Investment banking helps big banks report positive earnings

BMO and Scotiabank reported Tuesday, others announcing results over next 24 hours

Investment banking helps big banks report positive earnings
Steve Randall

The earnings season for Canada’s largest banks has begun with a positive tone.

Two of the big six banks announced their quarterly financial results Tuesday with RBC and National reporting Wednesday and TD on Thursday.

“We’re seeing fairly positive signs from a credit standpoint that the banks are avoiding a worst-case scenario,” James Shanahan, an analyst at Edward Jones told Bloomberg.

The results from BMO and Scotiabank show that their investment banking and trading are the stars of the season.

BMO’s Capital Markets unit posted a 40% increase in earnings in the three months to the end of October 2020; Scotia saw a 14% boost for its global banking and markets division.
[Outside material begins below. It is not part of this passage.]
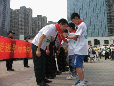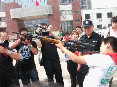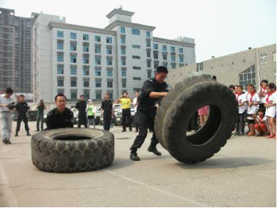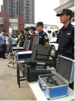 5月31日上午,鄭州市公安局特警支隊(duì)大院里熱鬧非凡,35名小學(xué)生成為這里的特殊客人。在特警支隊(duì)副隊(duì)長(zhǎng)弋遂勤的帶領(lǐng)下,大家興致勃勃地逐一體驗(yàn)了各類防暴器械,觀看武警戰(zhàn)士的絕技表演。特警四大隊(duì)演示的警棍盾牌術(shù)剛毅雄壯,特警新警大隊(duì)的新式擒敵拳颯爽英姿,當(dāng)備戰(zhàn)“2012全國(guó)公安特警比武”的特警猛士一口氣搬起二百斤的巨型輪胎時(shí),大家不由得發(fā)出一陣驚呼!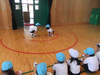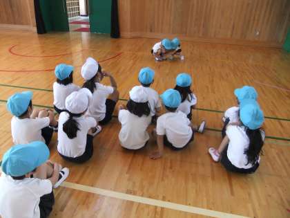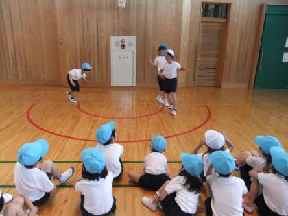 体育科の「むしになって」では、いろんな虫になりきって、擬音を付けながら動きを考えて発表します。

BMO recorded fourth quarter net income of $1,584 million or $2.37 per share on a reported basis, and net income of $1,610 million or $2.41 per share on an adjusted basis.

CEO Darryl White said that BMO started the year in a strong position across its businesses but that the pandemic had produced challenges.

“Our results for the year are a testament to the resilience and diversification of our businesses and our ability to quickly adapt to the evolving environment, while actively delivering against our strategic priorities. In 2020, adjusted earnings per share were $7.71, having appropriately provisioned for loan losses,” he said.

At Scotia, reported net income for the fourth quarter was $1,899 million compared to $2,308 million in the same period last year. Diluted earnings per share were $1.42, compared to $1.73 in the same period a year ago. Return on equity was 11.0% compared to 13.3% a year ago.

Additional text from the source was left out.